NRSG 126 - Week 4 Flashcards
comfort and mobility (57 cards)
Pain definition
- Pain is NOT normal and not normal with ageing!
- Most common reason individuals seek medical care.
- Pain is a general term describing uncomfortable sensations in the body.
o Activation of the nervous system.
Pain and subjective
o Subjective – but we must believe them and try to find a root cause. Check for signs of pain, swelling, grimacing, withdrawal, wounds, change in vitals in major events or shock. Acute vs chronic pain. Acute pain shows in vitals but chronic pain does not.
o 6th vital sign
Purpose of pain
- Purpose of pain: Defense mechanism. Good reminder for people to be careful to not injury themselves after surgery. Number on a scale can be different for everyone
Older Persons Experiencing Pain
- Experience of pain changes with age. Pathways might be slower, burns are a higher risk because detection is slowed. Reflexes slowed
- May have atypical presentation.
- Pain or pain treatments can have increased negative effects. Medications cannot dissolve right so they might be given less medication. NASAIDs increase the chance of GI bleeds, also steroids
- May have misconceptions re: pain management.

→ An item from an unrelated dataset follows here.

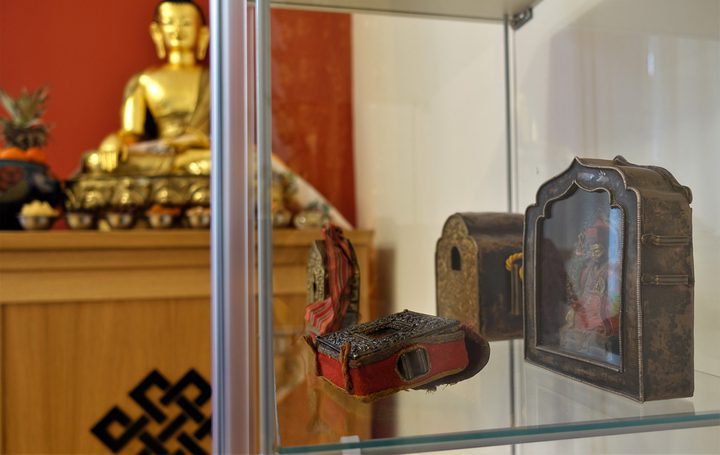 Die Tibethaus Kulturstiftung hat eine große Schenkung von wunderschönen Gaus (Reisealtäre) erhalten. Gaus aus Silber, Messing, aus bemaltem Holz, in denen Tsatsas, kleine Buddha-Statuen oder Fotos von verehrten Meister/innen bewahrt werden. In unserer aktuellen Ausstellung möchten wir sie der Öffentlichkeit vorstellen und Begeisterung erzeugen für diese vielfältigen Botschafter der tibetischen Kultur und Geisteshaltung.

- 37% at home and 41% in institutions live with chronic pain
Transduction
- First phase: injury and response initiation
- Refers to how the pain nerve fiber recognizes the signal of tissue or cell damage.
- Nociceptors are sensory nerve cells that react to noxious stimuli by sending signals to the spinal cord and brain
o Damaged cells – burns, cut, etc.
o Chemical release – Pain-sensitizing & inflammatory substances
o Nociceptor activation – action potential
Transmission
- Second Phase: pain moves from PNS to CNS
- Pain-sensitizing & inflammatory substances spread the message
- via nerve fibers
- transmission of PAIN in dorsal horn
- spinothalamic tract (goes to the brain)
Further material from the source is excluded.